Testing the Building Blocks of Intelligent 6G Networks

The latest one6G Open Lecture 12, titled 'Experimental Technologies for 6G: Toward Network Intelligence', provided a useful reminder that 6G is not just about defining new use cases, architectures and KPIs. It is also about proving that the proposed technologies can work in realistic conditions.

As we move closer to the 6G standardisation phase, the discussion is shifting from vision papers to experimentation, benchmarking, testbeds, datasets and validation. This is especially important for technologies such as AI-native networking, Integrated Sensing and Communication (ISAC), localisation, semantic sensing and digital twins. These are all attractive concepts on paper, but they will only become useful if they can be measured, compared, reproduced and trusted.

The lecture was moderated by Josef Eichinger, Chair of one6G Working Group 4, which focuses on testing, proof of concepts and experimental validation. The session brought together four technical presentations, each looking at a different part of the 6G experimentation puzzle.

The first presentation, by Andreas Kassler from Karlstad University, looked at AI time series model benchmarking as a service for 6G. This was a good starting point because many 6G visions assume the presence of AI everywhere in the network. We often hear about AI-native RAN, AI-native telco cloud, AI agents, digital twins and autonomous network control. The practical question is much harder: how do we know which AI model should be used, where it should be deployed, when it should be retrained, and whether it is still performing well?

In today’s networks, many control loops are still based on rules, thresholds and reactive optimisation. In a 6G network, the expectation is that hundreds or even thousands of AI models may be used across cloud, edge and RAN domains. These models may forecast traffic demand, predict resource availability, support anomaly detection, estimate mobility patterns or optimise energy consumption. Some may run as rApps, some as xApps, and some closer to the radio as dApps. Each location has different timing, compute, energy and reliability constraints.

This is where benchmarking becomes essential. Choosing a model based only on accuracy is not enough. A model that gives marginally better prediction accuracy may be unsuitable if it requires excessive GPU memory, consumes too much energy, has unacceptable inference latency or cannot be updated safely.

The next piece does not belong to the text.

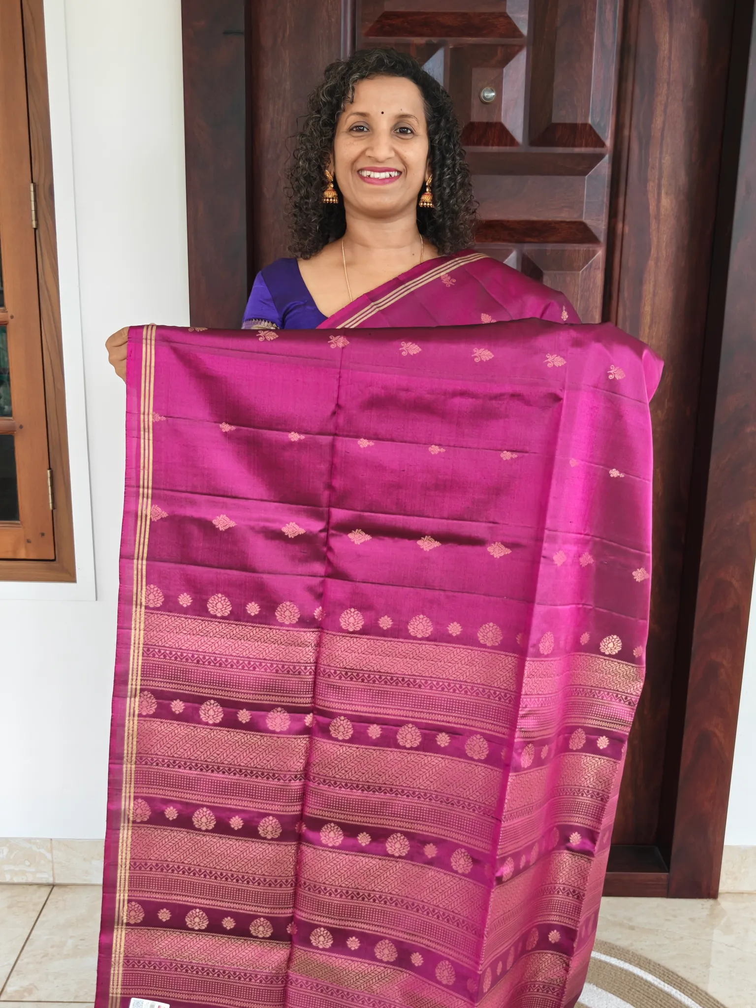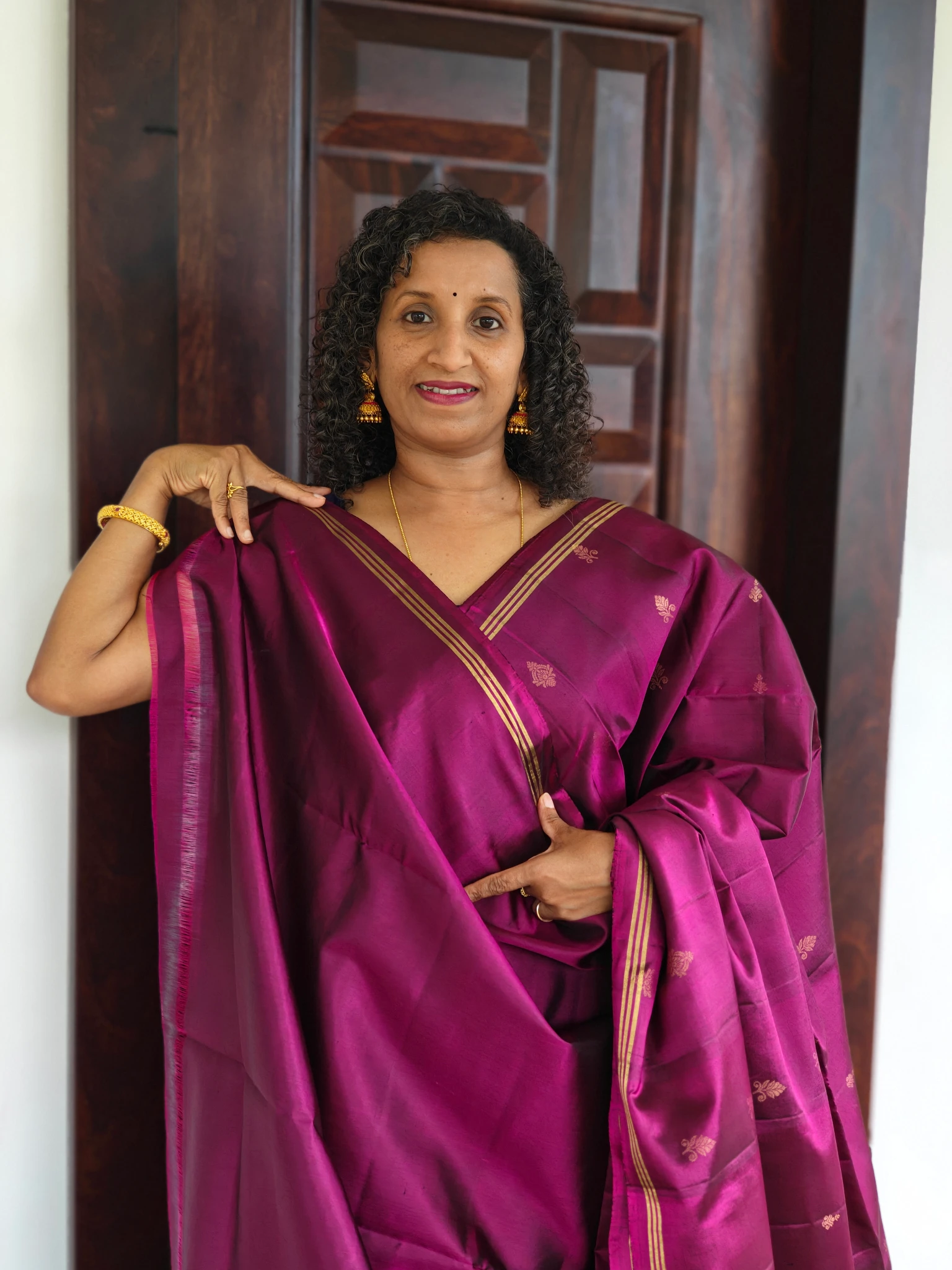 This Purple Kanchipuram Soft Silk Saree, exquisitely woven from Silk Mark-certified pure silk, guarantees authenticity, quality, and long-lasting value. It is the perfect way to celebrate classic South Indian beauty. The deep pink body of the saree is embellished with delicately woven buttis and exquisite golden Zari lines around the borders, which subtly enhance its beautiful appeal.

The presentation highlighted the need to evaluate models using a broader set of KPIs, including training cost, inference time, robustness, stability, interpretability, energy consumption and hardware requirements.

The proposed framework automates much of the model evaluation pipeline. Rather than each researcher manually preparing data, training models, tuning hyperparameters and comparing results in an ad hoc way, the framework uses a Kubernetes-native approach to launch training and inference jobs, collect metrics and compare models at scale. It can support different model families, including transformers, recurrent neural networks, diffusion models, regression models and spatial-temporal models. It also considers split learning and federated learning, both of which are relevant when data and compute are distributed across edge and cloud locations.

One particularly interesting point was the move from static model deployment to continuous model lifecycle management. In a 6G environment, the challenge is not simply to find a good model once. The harder challenge is to update the correct model, at the right time, in the right place, without disrupting the network. A traffic steering xApp, for example, may need recalibration when mobility patterns or traffic mix change. An energy-saving dApp may need to update its model when demand changes across cells. This requires drift detection, retraining triggers, model versioning, rollout management and energy-aware placement.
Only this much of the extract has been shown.